Aisha Ray, Ph.D., is Senior Vice President for Academic Affairs, Dean of Faculty and the Rochelle Zell Dean's Chair at the Erikson Institute. A 1972 Erikson graduate, she has taught at the Institute for 17 years and was named Senior Vice President for Academic Affairs and Dean of Faculty on July 1, 2009. Her areas of research include cultural and situational contexts of child development, early childhood professional development, father-child relationships in urban communities, and early childhood services for immigrant children and families. She currently leads a project with Barbara T. Bowman to understand and improve teacher preparation to successfully educate children of diverse cultural, linguistic and economic backgrounds. Ray is a senior research associate at the University of Pennsylvania's National Center on Fathers and Families. She has previously taught on the faculty of DePaul University's School of Education. Ray also has served as a consultant with the Annie E. Casey Foundation, the Illinois Fatherhood Initiative, the National Center for Strategic Nonprofit Planning and Community Leadership and Child Trends.

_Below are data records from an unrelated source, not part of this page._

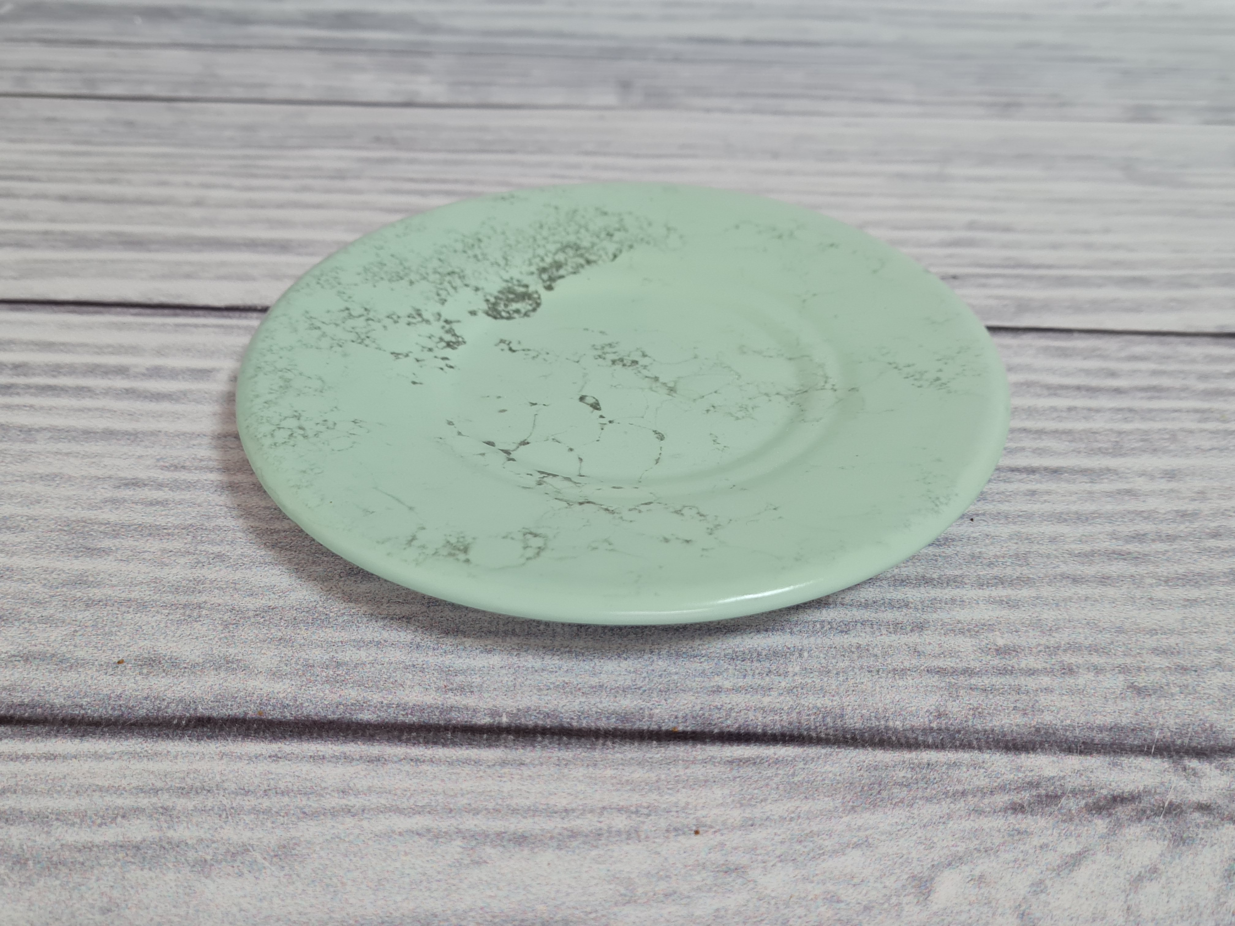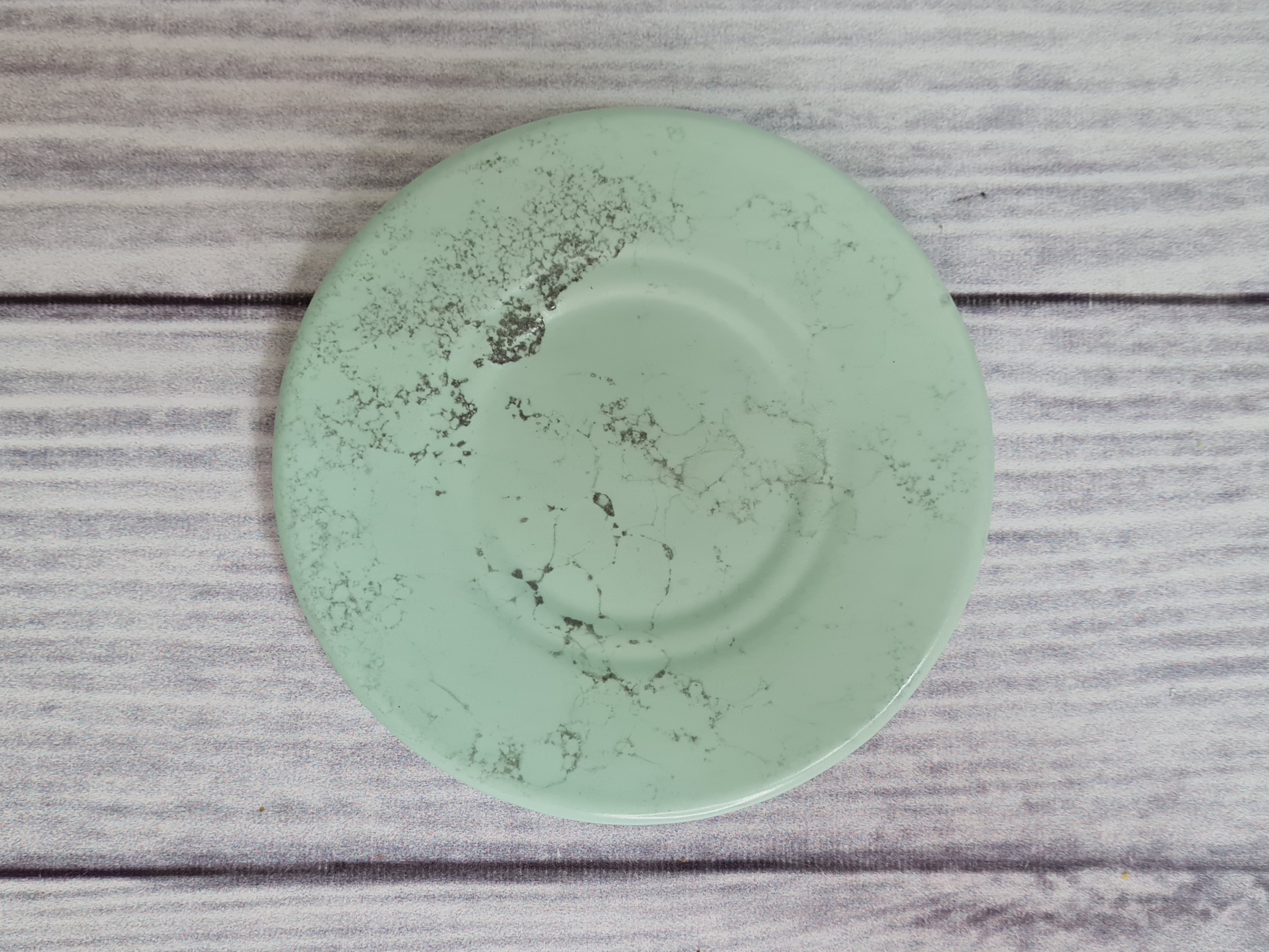 Универсальное малое блюдце для сервировки, может использоваться как подставка под чашку. Специальные бортики предотвращают соскальзывание чашки. Кроме того, эти маленькие тарелочки прекрасно украсят ваш стол. Матовая поверхность мятного цвета с серыми разводами.
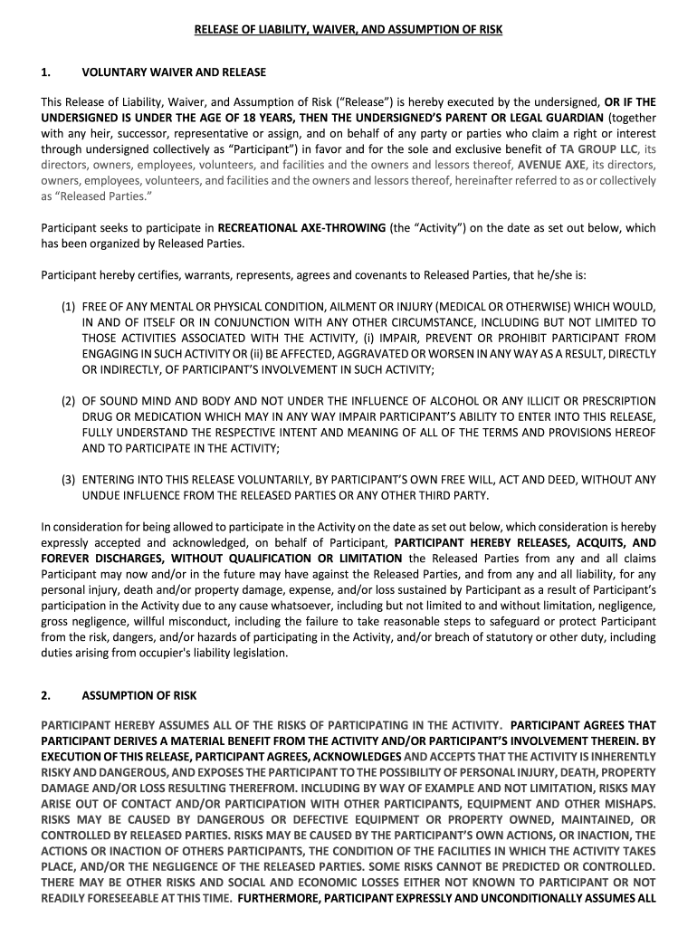 1.VOLUNTARY WAIVER AND Releases Release of Liability, Waiver, and Assumption of Risk (Release) is hereby executed by the undersigned, OR IF THE
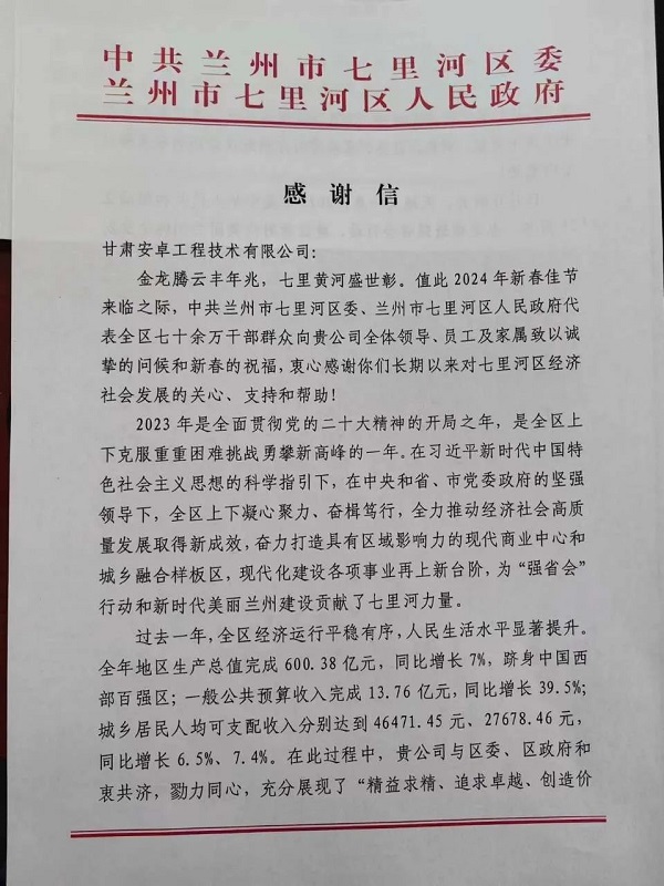 歲末年關(guān),新春將至。近日,中共蘭州市七里河區(qū)委、蘭州市七里河區(qū)人民政府發(fā)來感謝信。
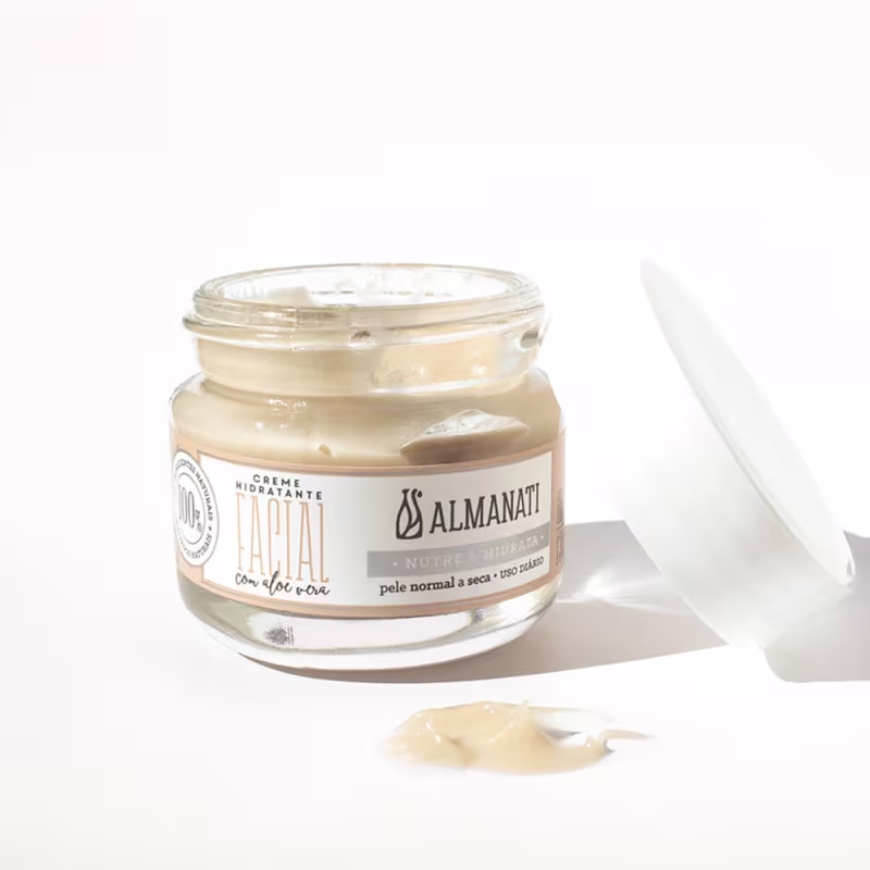 Creme hidratante facial. Almanati Aloe Vera oferece uma hidratação profunda a pele, trazendo proteção e maciez.
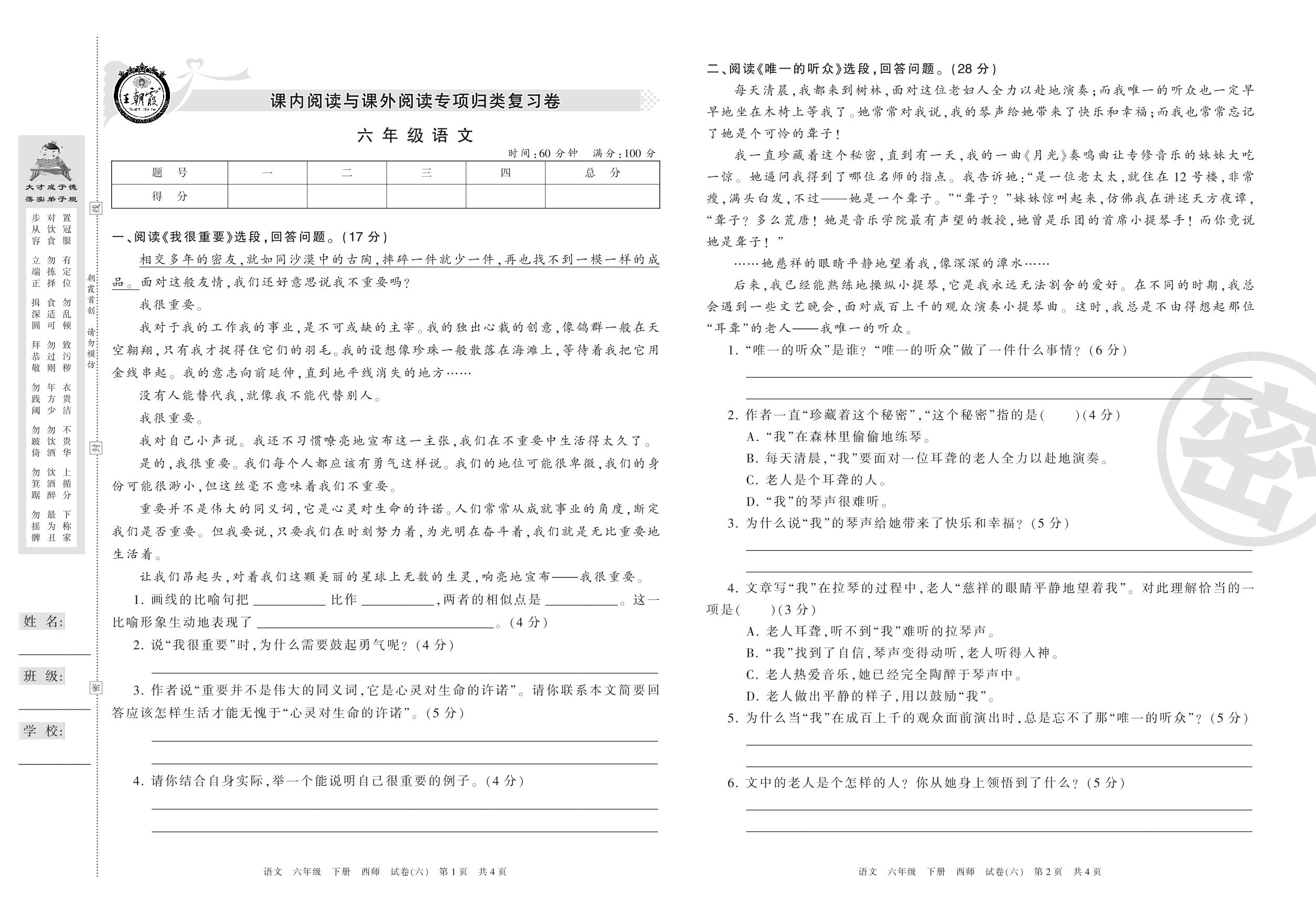 王朝霞期末专项卷六年级下册语文(西师版)_R21080284910【6】
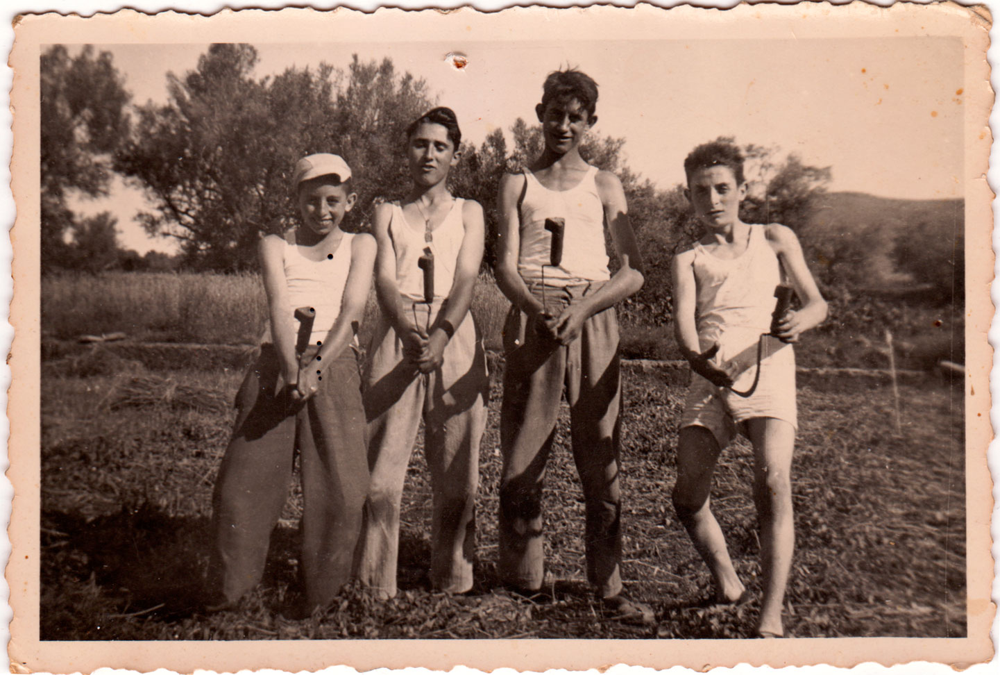 Les fotos se solen fer quan es va de festa, però de vegades també mostren a la gent treballant. En esta imatge, un grup de xiquets preadolescents que estan aterrant blat, una costum habitual a l’època. D’esquerra a dreta són Vicente Vilara, Juan José Bonet, Benjamín de Cabedo i, el més alt, Vicente Pla.
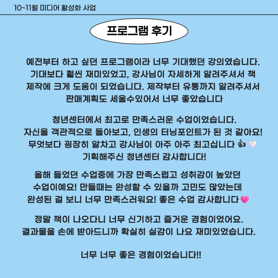 <6주만에 나만의 책 만들기 후기> 10~11월 미디어 활성화
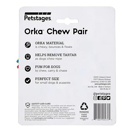 Designed for dogs that love to chew, Petstages ORKA chew toys are made of a durable, non-toxic, synthetic rubber, combining fun and function in one toy. By providing a dog with an appropriate chew object, owners can help reduce a dog's boredom and destructive behavior. The ORKA Bone is the perfect shape to chew, carry and chase while enhancing dental and jaw health as your dog chews.
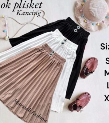 Rok Plisket Kancing Hayget untuk Anak Perempuan Usia 4-14 Tahun
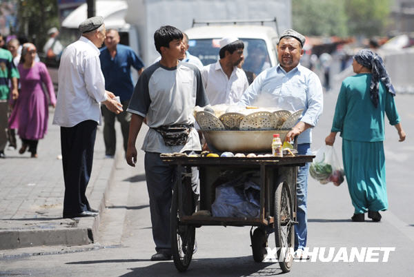 7月9日,在烏魯木齊市二道橋地區(qū)街頭,商販在推車叫賣小吃。新華社記者沙達提攝
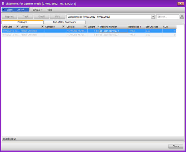 The View or Void FedEx Shipments function is one way to void a shipping label and its associated tracking number. Other activities that can be performed at this screen are printing a ground manifest, or package pickup receipt, as well as reprinting any shipping documents containing a tracking number.
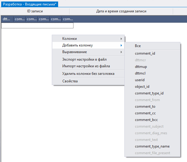 9.2.2.4. вызвать контекстное меню нажатием правой кнопки мыши в пустом пространстве объекта, выбрать Добавить колонку и отметить колонки dttmcr (дата и время создания комментария), comment_from (отправитель письма), comment_subject (тема письма), comment_file_present (наличие вложенного файла), comment_text (текст комментария), comment_diag_mes (диагностическое сообщение, формируемое при анализе темы письма во время загрузки);
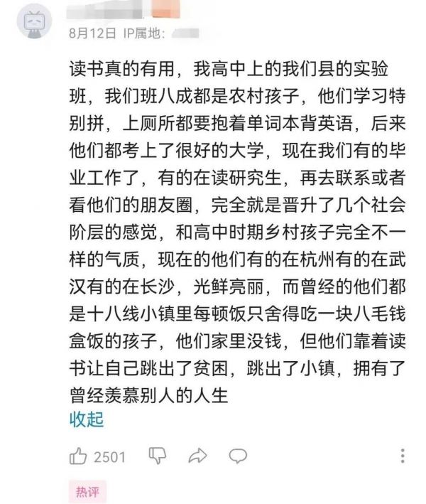 就像有一条评论写到的:他们靠着读书让自己跳出了贫困,跳出了小镇,拥有了曾经羡慕别人的生活。显而易见,当我们把这些个体放置在整个社会背景下去对比时,会发现他们好像从高考开始就已经超越了许多人。
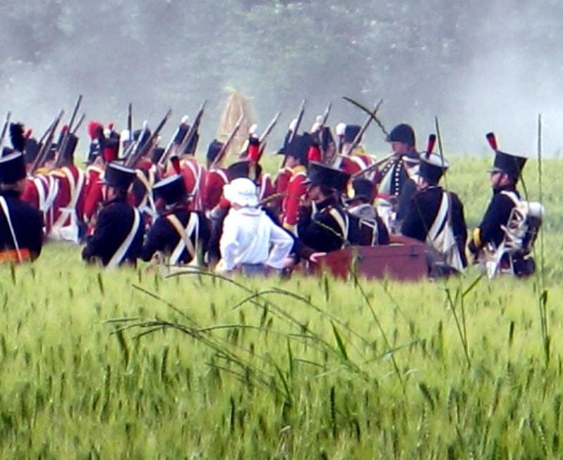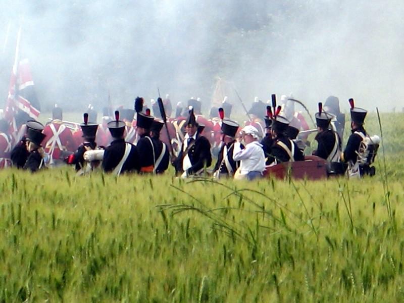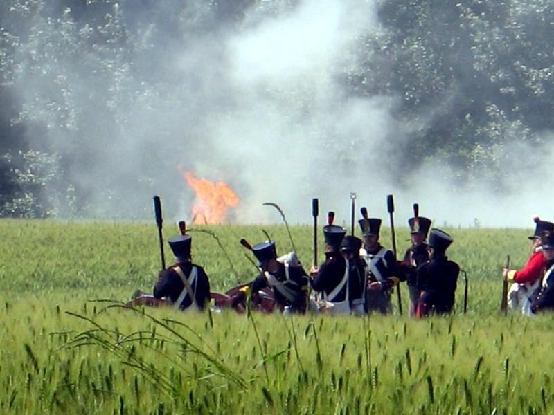 Le dimanche 22 juin se sont déroulé les différentes reconstitution des combats, dans les champs proches de la ferme d’Hougoumont (Braine- l’Alleud) entre les Alliés et les troupes françaises.
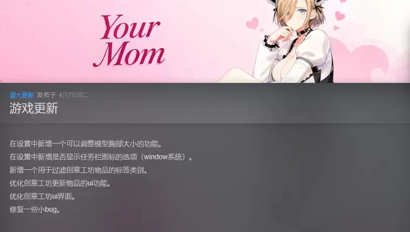 你是否还记得曾在Steam好友动态中频繁出现的“XXX正在玩《你妈》”提示?这正是那款以趣味名称引发广泛关注的桌面宠物模拟游戏。近日,其开发团队Mom Game发布了新一轮内容更新,在提升整体稳定性的基础上,引入了一项备受玩家期待的角色自定义选项——现在你可以自由调整桌宠角色的胸部尺寸,实现更个性化的外观设定。
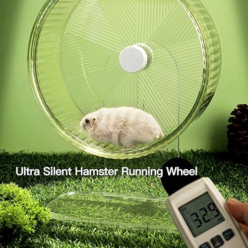 Ultra-Quiet Hamster Exercise Wheel: Uses V3-grade double ball bearing design to ensure the wheel glides smoothly and silently. Equipped with a cork pad, it effectively reduces friction and noise during running. It brings endless running joy to your hamster while ensuring a quiet night for you, even when your hamster is running on the track and the wheel is spinning
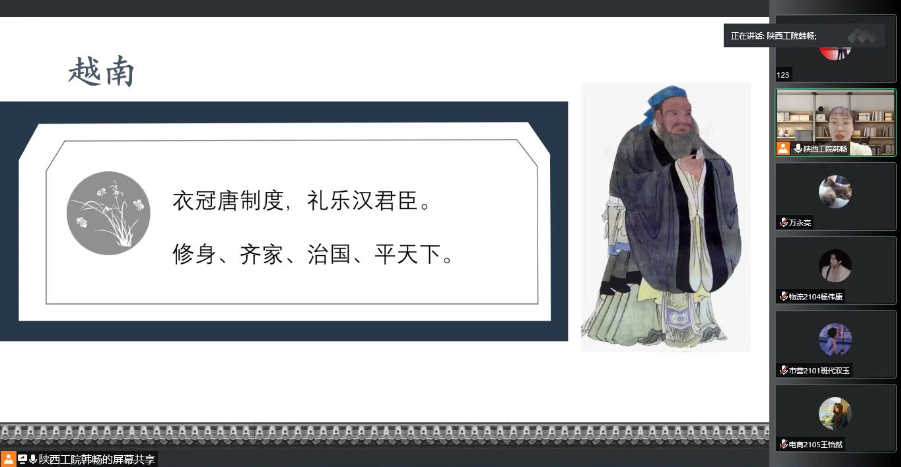 10月2日,为进一步发挥党建引领作用,引导师生坚定文化自信,公共教学党总支联合商贸与流通学院党总支开展了“中国文化在东南亚”主题党课讲授,公共教学党总支第一支部组织全体党员教师于会议室A501认真听学。
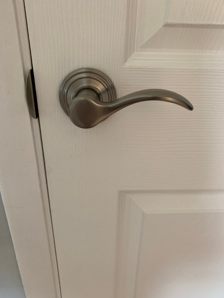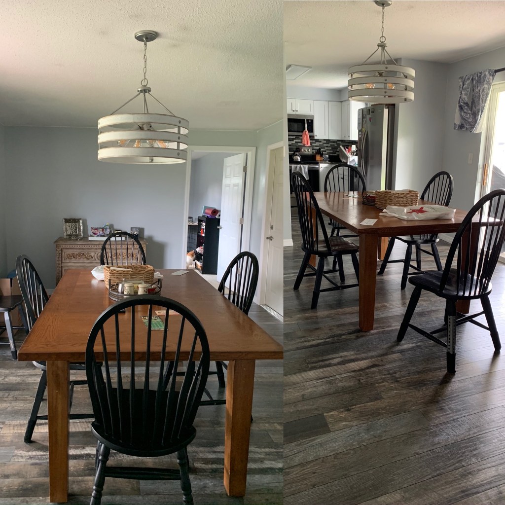 Before. Our flooring was able to go right over the tile with a transitional concrete. That saved us some dust! Old and new paint…..from golds and greens to greys and blues. We also replaced all the interior doors in the house.New doors and hardware. Doors close fully and teenage skate stickers artfully covering inside and outside of doors are no longer. This is also important in that our cat can no longer “knock” on our door at 2 a.m.—-if he does, we don’t hear him!My buffet table now has a new home and we have room to stretch out. Hubby hated the old light so we swapped it out for a new light with LED and dimmable option. the kitchen also has an LED light that replaced our old fluorescent light—you can just barely see it on the right—-it also has a dimmer. It was an option I didn’t realize we had—our electrician told us about it and I’m glad we went in that direction.

Linda Sullivan-Dudzic is Special Programs Director for the Bremerton School District and an independent educational consultant. She also is a co-author of Making a Difference: 10 Essential Steps to Building a PreK–3 System (Linda Sullivan-Dudzic, Donna Gearns & Kelli Leavell, Corwin Press, 2010). Sullivan-Dudzic has spent the past 30 years connecting the early childhood community to the K–3 public school system. Building on a strong early childhood foundation as a speech language pathologist for Kitsap Community Head Start, she has continued her work in the public and private sector. As Special Programs Director, she works with a dynamic team to build a strong P–3 educational system and to train other school districts. Her work in higher education involves designing and teaching college-level courses to increase the skills and knowledge of teachers working in this field. She also is a co-founder of a faith-based private preschool whose mission is to provide quality education to families who cannot afford preschool.
Jerry D. Weast
Jerry D. Weast, Ed.D., is Superintendent of the Montgomery County Public Schools, the largest and most diverse school system in Maryland and the 16th largest district in the nation. Appointed to the position in 1999 and reappointed in 2003 and 2007, Weast has served during a period of great demographic change in Montgomery County and has kept the focus on narrowing the achievement gap for the district's 145,000 students. Montgomery County Public Schools has earned national recognition in consecutive years for achieving the highest student graduation rate among the nation's 50 largest school systems and has consistently led the nation in having the most high schools among the nation's top 100 high schools as identified by Newsweek magazine. All of the district's high schools are annually ranked in the top three percent of all high schools in the nation. Montgomery County Public Schools received the Malcolm Baldrige National Quality Award in 2010 for performance excellence and was a 2010 finalist for the Broad Prize for Urban Education. Montgomery County Public Schools' success in closing the achievement gap is chronicled in the book Leading for Equity: The Pursuit of Excellence in Montgomery County Public Schools (Harvard Education Press, 2009), and in numerous case studies.